In an eerily similar circumstance, another trucker named Thomas Lee Elkins was arrested in 1986 after kidnapping and allegedly raping a red-haired twenty-year-old. She was able to escape his clutches and reported him to authorities. By that time, Elkins already had a growing rap sheet, having been accused of rape and kidnapping in Louisiana in 1980 (though the charges were eventually dropped) and convicted of rape and indecent liberties with a child in 1981 in Illinois.

While in custody on the 1986 charge, he bragged to his cellmate that he had murdered three red-headed women in Tennessee, bringing him to the attention of the FBI. Then, in 1990, he allegedly committed aggravated sexual battery in Florida, and a year later kidnapped and raped a sixteen-year-old girl at a Texas truck stop. Both these charges subsequently earned him two concurrent twenty-year-sentences.
In October of 2012, however, he removed his ankle monitor and escaped from the halfway house he had been paroled to in Houston, Texas, though he was recaptured in Dallas only seventeen days later.
In 2018, a sociology class at Elizabethton High School in east Tennessee, at the behest of their teacher Alex Campbell, spent an entire semester compiling a profile of the perpetrator of the Redhead Murders; it was this class, in fact, that redubbed the killer The Bible Belt Strangler. Their analysis, which was submitted to FBI profilers and believed to be a fairly accurate picture of the probable assailant, hypothesized that the killer was a white male born between 1936 and 1962, of above average height and weight, who worked as a long-haul commercial truck driver and was likely based out of Knoxville, Tennessee, as that was the geographic center of the dump sites of all the related victims. Further, his trucking route would be concentrated largely along the Interstate 40 corridor and its offshoot highways.

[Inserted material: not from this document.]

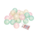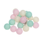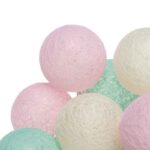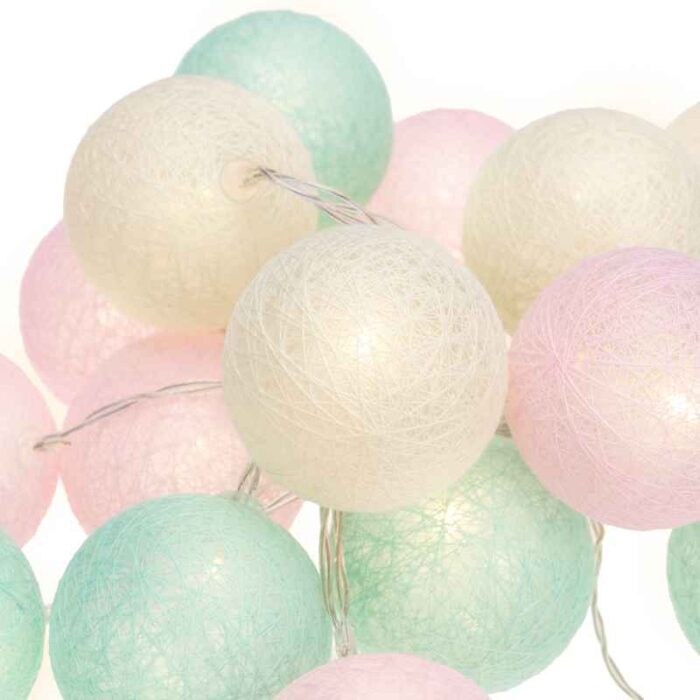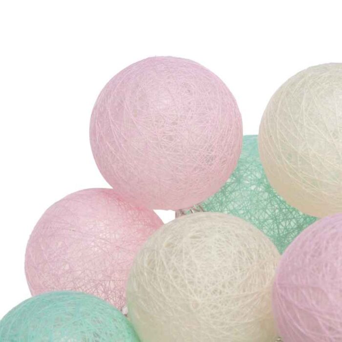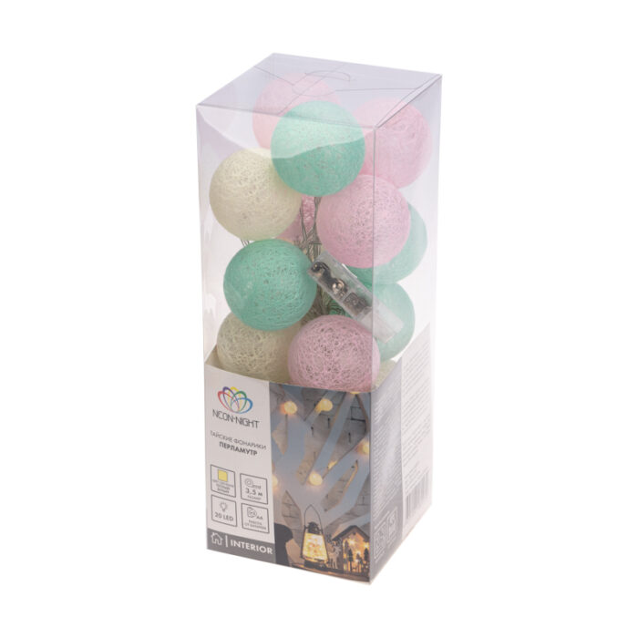 Изделие состоит из 20 круглых фонариков, изготовленных из хлопковых нитей и размещенных на проводе с прозрачной ПВХ изоляцией, что придает ему легкость и воздушность.

In addition, the class speculated that this serial killer was most likely “mission-oriented” rather than driven by a sexual motive, as few of the victims were thought to have been sexually assaulted or tortured, and there did not appear to be an “overkill” component to their deaths. Mission-oriented killers are those who murder as a means to an end, as a way of essentially punishing people they see as morally or religiously transgressive or somehow a blight on society. Lastly, the profile theorizes that the Bible Belt Strangler is probably of above-average intelligence, may have come from an unstable home, and is likely married or in a long-term relationship.
The FBI investigation into the murders remains open.